Visibility is how MSPs catch misuse early

Not every anomaly is fraud—but every anomaly deserves investigation.

A cloned card produces a session identical to a legitimate one, using the same token, charging point, and CDR. A virtual credit card passes the initial payment check. An inflated home tariff remains within the plausible range. Each looks like normal charging until the money is already gone.

Across the industry, MSPs use a patchwork of solutions to manage back-office billing, roaming networks, and payment providers, each opening the potential for fraud to seep in, since these systems don't share data. Monthly billing cycles compound the delay: a bad actor gets four weeks of charging before the first payment attempt, and by the time it fails, the MSP will have losses to absorb.

Deftpower offers MSPs a white-label charging platform with full visibility into every charging session, across public charging and home charging, and across the driver side and the CPO side of the transaction. Fraud prevention runs continuously in the background, flagging misuse early and automatically blocking tokens or stopping sessions when fraud is confirmed. Providers running these controls have seen unpaid invoice ratios fall from over 15% to close to zero within 3 months since activation. Deftpower acts decisively to block fraudulent accounts permanently while credit controls resolve as the accounts settle.

Curious how much fraud and misuse is currently going unnoticed on your platform? Get in touch with our team for a closer look.

FAQ

What is EV charging fraud?

EV charging fraud is any activity that creates charging costs an MSP or fleet operator cannot legitimately recover, or that inflates costs beyond what was actually consumed. It covers three categories: payment fraud, token fraud, and reimbursement fraud.

How can MSPs detect cloned or misused tokens?

By analysing charging sessions for patterns that cannot reasonably match the registered driver or vehicle, such as concurrent sessions on the same token, impossible travel distances between sessions, or excessive energy consumption.

What is pre-authorisation in EV charging?

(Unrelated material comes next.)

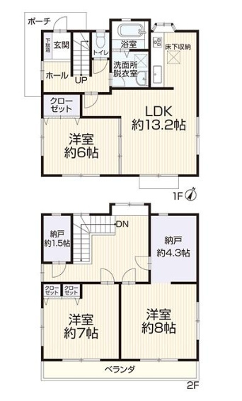 LDK 13.2帖 / 洋室 8.0帖 / 洋室 7.0帖 / 洋室 6.0帖 / S(納戸) 4.3帖 / S(納戸) 1.5帖 / |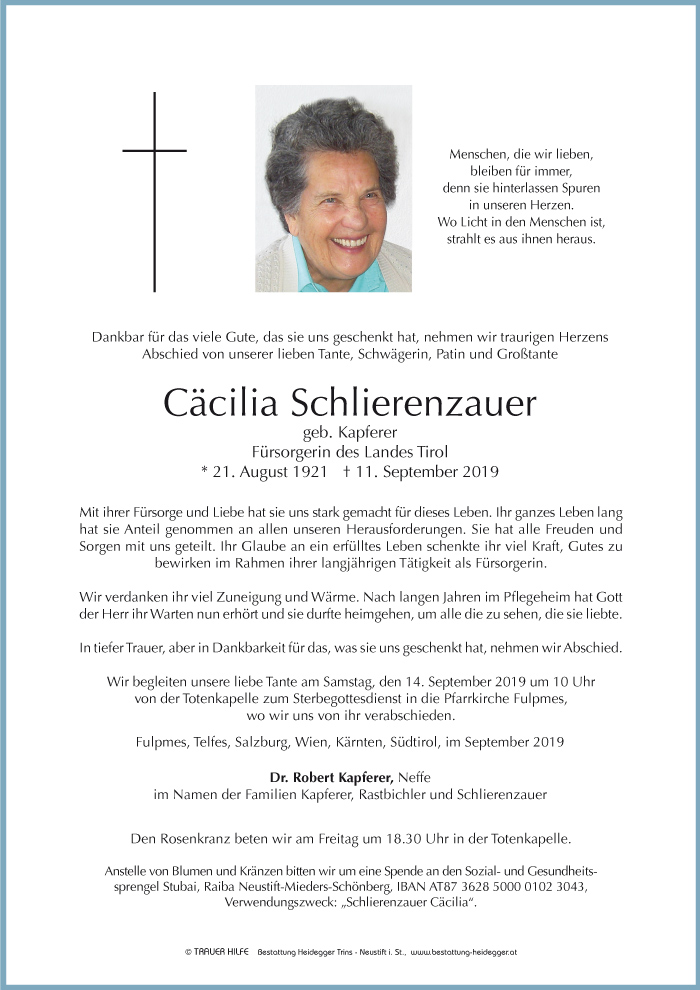 Friedhof Fulpmes, † 11.09.2019 (98 Jahre)

Pre-authorisation is the practice of reserving an amount on a driver's payment method through the payment service provider before a charging session begins. If the reservation fails, the session does not start. This stops high-risk sessions before energy is delivered and unpaid invoices are created.

How can fleet operators prevent inflated home charging reimbursement claims?

By validating submitted home tariffs against local energy market data. Claims within a reasonable range can be approved automatically. Outliers are flagged for review before reimbursement is paid.

What is Plug & Charge and why is it more secure?

Plug & Charge (ISO 15118) is an authentication standard that uses a certificate stored in the vehicle to authenticate the driver and start the charging session automatically. Because the certificate cannot easily be copied or falsified, Plug & Charge is more secure than RFID-based authentication. Adoption is still limited because it requires compatibility between the CPO, the vehicle, and the MSP.

How can vehicle data help prevent EV charging fraud?

Vehicle data such as odometer readings, state of charge, and active power can confirm that the energy recorded in a CDR matches what actually entered the registered vehicle. Tokens can be cloned and tariffs can be inflated, but vehicle data ties the session to a specific car, which is much harder to fake.